- Origin: Goshen, Indiana
- Genres: Christian hardcore, hardcore punk, metalcore
- Years active: 2003–2009
- Labels: Facedown, Strike First
- Past members: Brent Josiah Ryan Shea Chris Jason Josh John

= Kingston Falls =

American Christian hardcore band

Kingston Falls were an American Christian hardcore band, and they primarily played hardcore punk and metalcore. They were from Goshen, Indiana, where they formed in 2003 and disbanded in 2009. The primary members of the band were John Busenbark (vocals), Brent Zebell (Drums), Josiah Gaut (Guitar), Josh Battles (Guitar), and Jason Gough (Bass). They released three independently made extended plays; Seasons of Despair (2003), Kingston Falls (2004), and Crusader (2005). Their first studio album, The Crescendo of Sirens, was released by Strike First Records, in 2006. The subsequent and last studio album, Armada on Mercury, was released by Facedown Records, in 2008.

==Background==
Kingston Falls was a Christian hardcore and Christian metal band that hailed from Goshen, Indiana.

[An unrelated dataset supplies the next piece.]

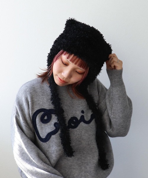 人気の耳付き帽子が今年も登場! まぁるい耳とふわふわもこもこ素材が可愛い帽子。 ざっくり編みで伸縮性があります。 耳まであったかな冬の可愛い必需品。 紐を結んで可愛さをプラスするのもおすすめです。

From conception through "The Crescendo of Sirens" album, the members were John Busenbark (vocals), Brent Zebell (drums), Josh Battles (guitar), Josiah Gaut (guitar), and Jason Gough (bass, Beyond the Fathoms). Following the release of "The Crescendo of Sirens" in 2006, the band experienced some turnover and volatility in its membership, cycling all contributors except Brent and Josiah by the time the band disbanded.

==Music history==
The band commenced as a musical entity in 2003,. They released three albums independently before signing with Facedown imprint Strike First Records. These first three albums were "Seasons of Despair" (2003), Kingston Falls (2004) and, Crusader (2005). Their first studio album, The Crescendo of Sirens, was released by Strike First Records, on April 4, 2006. The subsequent studio album, Armada on Mercury, was released by Facedown Records, on March 18, 2008.

==Members==
- Last known lineup
- Brent Zebell – drums (2003–2009)
- Josiah Gaut – guitar (2003–2009)
- Past members
- Jason Gough – bass (2003–2006)
- Josh Battles – guitar (2003–2008)
- Bill Bowers – bass (2006–2008)
- John Busenbark – vocals (2004–2006)
- Nate Lambright Dale – vocals (2006–2008)
- Justin Gibson – vocals (2003–2004)
- Lineup for post-2011 reunion shows
- John Busenbark – vocals
- Brent Zebell – drums
- Josiah Gaut – guitar
- Bill Bowers – bass

==Discography==
- Studio albums
- The Crescendo of Sirens (April 4, 2006, Strike First)
- Armada on Mercury (March 18, 2008, Facedown)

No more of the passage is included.